As they traveled along the road, they came to some water and the eunuch said, “Look, here is water. What can stand in the way of my being baptized?” And nothing can stand in the way, as Philip baptized him immediately.

It is the questions—Who was I to think that I could stand in God’s way? What can I do to be saved? What can stand in the way of my being baptized?—it is the questions that define what becomes possible in the post-Easter world. And the answer is anything—with God all things are possible. Strangers become friends, outsiders become members of the household of God, and anyone who calls on the name of the Lord can be saved.

I’m still thinking about Peter’s trance, and the extent to which he entered that altered state to see a vision of a new world. In a world without sirens and horns, blaring televisions or electronic dance music, maybe you needed a trance to move from a relatively quiet world to a place where the Spirit could speak. For us it might be simpler, maybe just some silent prayer to open ourselves to the Spirit. And what would we hope to hear, what vision might we see?
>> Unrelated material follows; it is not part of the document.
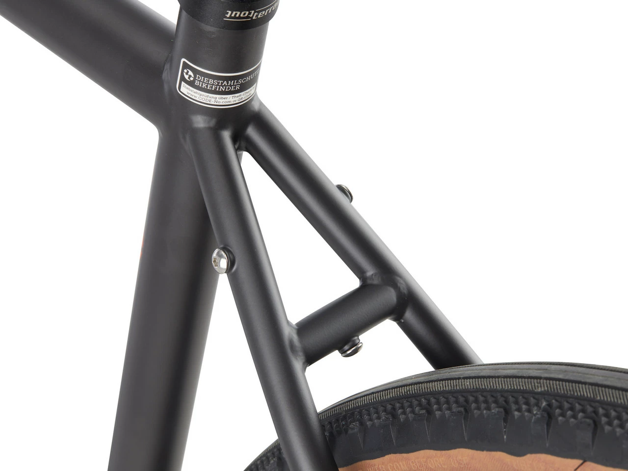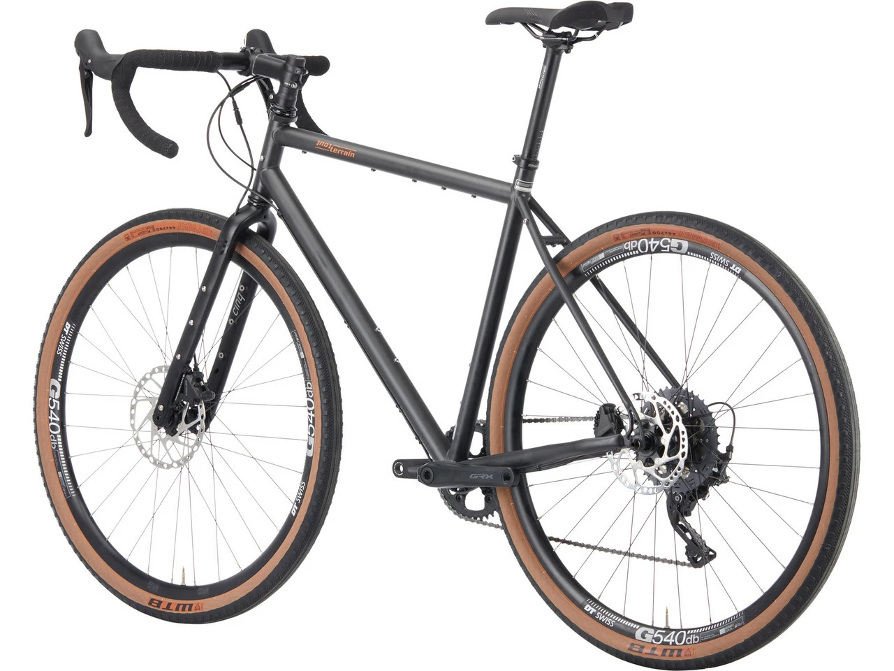 cuadro de acero duradero con 4 fijaciones de portabidones en el triángulo del cuadrohorquilla rígida de carbono, ligera y estable, con 2 fijaciones para portabidones y orificios para luces, guardabarros y portaequipajesel sistema de cambios Shimano GRX de 1×11 velocidades garantiza un cambio suave y fiable incluso en caminos de gravilla y pasos de raícesllantas de DT Swiss especialmente desarrolladas para Gravelsillín ligeramente acolchado con muesca para aliviar la presión y funda de microfibra resistente a la intemperieEl tope de dirección Ergo-Stop 2 evita el giro excesivo del manillarGeometría:S:

Like Acts—the other time the church was confronted by so much confusion and indifference—it may be a glimpse of what God is already doing around us. Strangers become friends, outsiders become members of the household of God, and anyone who calls on the name of the Lord can be saved. Amen.

*http://www.fouroverfour.jukely.com/culture/electronic-music-genres/
**Festival of Homiletics, 2019, Minneapolis.